Ganesan Prasanth, Moulder Stacy, Lee J Jack, Janku Filip, Valero Vicente, Zinner Ralph G, Naing Aung, Fu Siqing, Tsimberidou Apostolia M, Hong David, Stephen Bettzy, Stephens Philip, Yelensky Roman, Meric-Bernstam Funda, Kurzrock Razelle, Wheler Jennifer J
Department of Investigational Cancer Therapeutics (Phase I Clinical Trials Program), The University of Texas MD Anderson Cancer Center, Houston, Texas.
Department of Breast Medical Oncology, The University of Texas MD Anderson Cancer Center, Houston, Texas.
Mol Cancer Ther. 2014 Dec;13(12):3175-84. doi: 10.1158/1535-7163.MCT-14-0358. Epub 2014 Sep 24.

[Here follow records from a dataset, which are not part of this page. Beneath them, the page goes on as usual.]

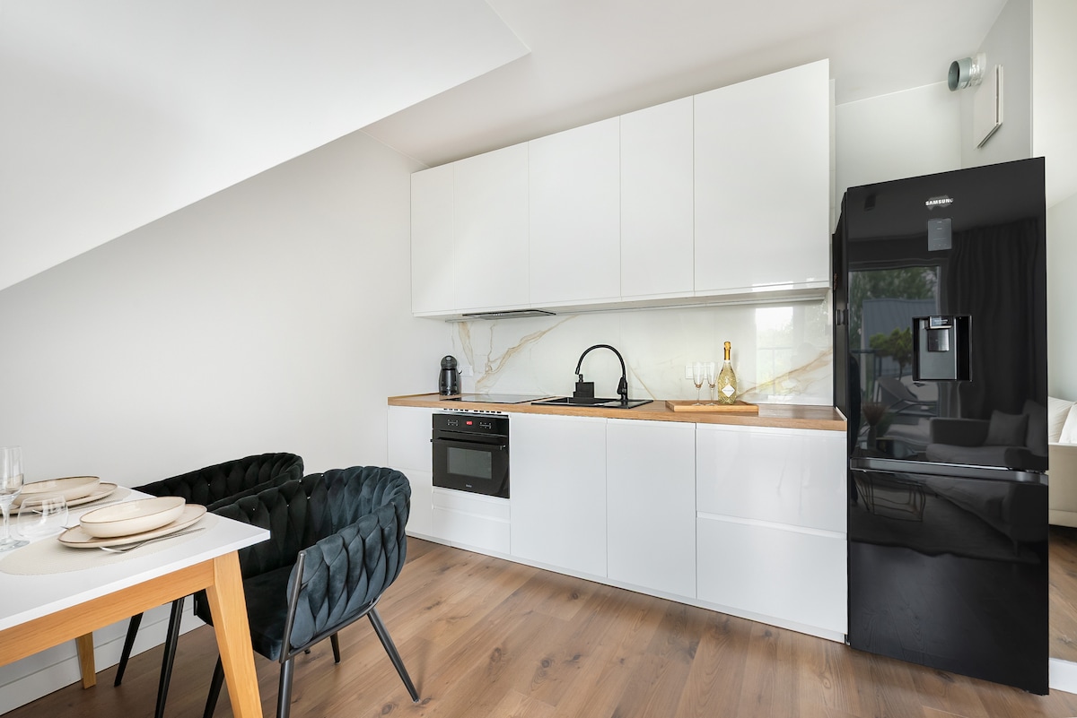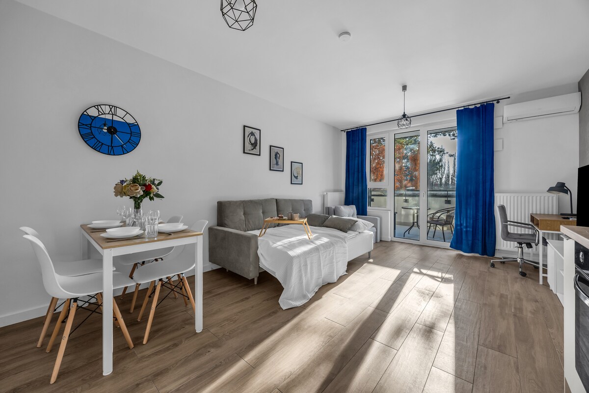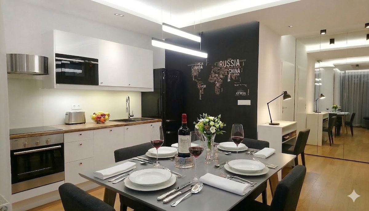 Moderan stan sa privatnom terasom i hidromasažnom kadom koja radi tokom cijele godine (do 104 °F/40 °C). 🫧 * Privatni đakuzi – primenjuje se dodatna naknada: 150 PLN (za iznajmljivanje do 3 noćenja) / 200 PLN (za iznajmljivanje 4 i više noćenja) po đakuziju. Moguće je iznajmiti objekat bez hidromasažne kade. * Terasa od 25 kvadratnih metara (82 kvadratna stope) * Teretana i sauna u zajedničkom prostoru * Smart TV 70" i PS4 * Besplatan parking u podzemnoj garaži * Potpuno opremljena kuhinja i snažan Wi-Fi Napomena: - Bez kućnih ljubimaca, pušenja u stanu i bez zabava.
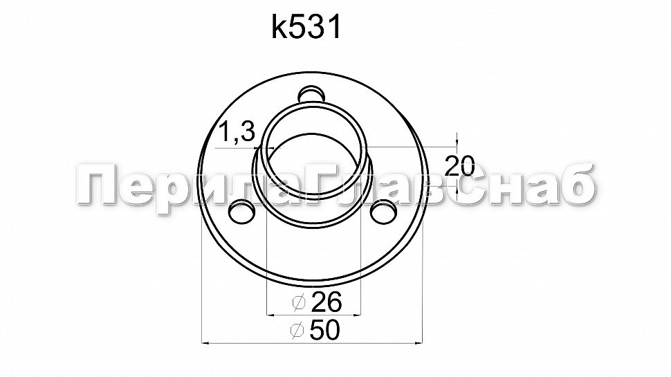 Фланец для трубы Ø50.8 мм, литой, полированный под 3 самореза 4.8 мм (AISI 304) k022
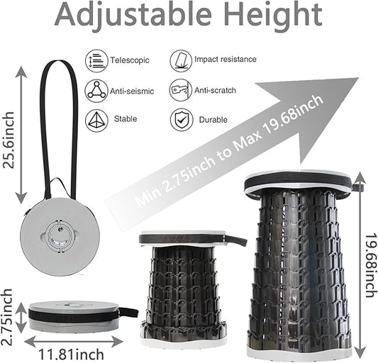 ALEVMOOM Upgraded 19.7" Portable Telescoping Stool,XXL Collapsible Stool with Cushion,Capacity 1000lbs Heavy Duty Retractable Folding Chair for Adults for Camping Fishing Hiking BBQ
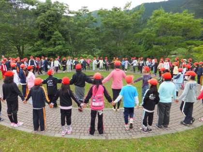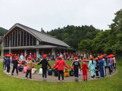 夕方には何と晴れ間が見えてきました。台風はどこへ行ったのでしょうか。4日目にするキャンプファイヤーの練習をしました。みんなとっても仲がいいです。マイムマイム……!
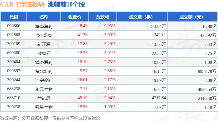 证券之星消息,11月25日CAR-T疗法板块较上一交易日上涨0.8%,海南海药领涨。当日上证指数报收于3870.02,上涨0.87%。深证成指报收于12777.31,上涨1.53%。CAR-T疗法板块个股涨跌见下表:

Patients with metastatic triple-negative breast cancer (TNBC) have poor treatment outcomes. We reviewed the electronic records of consecutive patients with metastatic TNBC treated in phase I clinic at MD Anderson Cancer Center (Houston, TX) between Augu st 2005 and May 2012. One hundred and six patients received at least 1 phase I trial. Twelve of 98 evaluable patients (12%) had either complete response (CR; n = 1), partial response (PR; n = 7), or stable disease ≥ 6 months (SD; n = 4). Patients treated on matched therapy (n = 16) compared with those on nonmatched therapy (n = 90) had improved SD ≥ 6 months/PR/CR (33% vs. 8%; P = 0.018) and longer progression-free survival (PFS; median, 6.4 vs. 1.9 months; P = 0.001). Eleven of 57 evaluable patients (19%) treated with combination chemotherapy and targeted therapy had SD ≥ 6 months/PR/CR versus 1 of 41 evaluable patients (2%) treated on other phase I trials (P = 0.013), and longer PFS (3.0 vs. 1.6 months; P < 0.0001). Patients with molecular alterations in the PI3K/AKT/mTOR pathway treated on matched therapy (n = 16) had improved PFS compared with those with and without molecular alterations treated on nonmatched therapy (n = 27; 6.4 vs. 3.2 months; P = 0.036). On multivariate analysis, improved PFS was associated with treatment with combined chemotherapy and targeted agents (P = 0.0002), ≤ 2 metastatic sites (P = 0.003), therapy with PI3K/AKT/mTOR inhibitors for those with cognate pathway abnormalities (P = 0.018), and treatment with antiangiogenic agents (P = 0.023). In summary, combinations of chemotherapy and angiogenesis and/or PI3K/AKT/mTOR inhibitors demonstrated improved outcomes in patients with metastatic TNBC.
转移性三阴性乳腺癌(TNBC)患者的治疗效果较差。我们回顾了2005年8月至2012年5月期间在德克萨斯州休斯顿市MD安德森癌症中心I期临床治疗的连续性转移性TNBC患者的电子病历。106例患者接受了至少1次I期试验。98例可评估患者中有12例(12%)获得完全缓解(CR;n = 1)、部分缓解(PR;n = 7)或疾病稳定≥6个月(SD;n = 4)。接受匹配治疗的患者(n = 16)与接受非匹配治疗的患者(n = 90)相比,疾病稳定≥6个月/部分缓解/完全缓解的比例有所提高(33%对8%;P = 0.018),无进展生存期更长(PFS;中位数,6.4个月对1.9个月;P = 0.001)。57例接受联合化疗和靶向治疗的可评估患者中有11例(19%)疾病稳定≥6个月/部分缓解/完全缓解,而在其他I期试验中接受治疗的41例可评估患者中有1例(2%)达到此效果(P = 0.013),且无进展生存期更长(3.0个月对1.6个月;P < 0.0001)。接受匹配治疗的PI3K/AKT/mTOR通路存在分子改变的患者(n = 16)与接受非匹配治疗的有和无分子改变的患者(n = 27)相比,无进展生存期有所改善(6.4个月对3.2个月;P = 0.036)。多因素分析显示,无进展生存期的改善与联合化疗和靶向药物治疗(P = 0.0002)、转移部位≤2个(P = 0.003)、针对同源通路异常患者使用PI3K/AKT/mTOR抑制剂治疗(P = 0.018)以及使用抗血管生成药物治疗(P = 0.023)相关。总之,化疗与血管生成抑制剂和/或PI3K/AKT/mTOR抑制剂联合使用可改善转移性TNBC患者的治疗效果。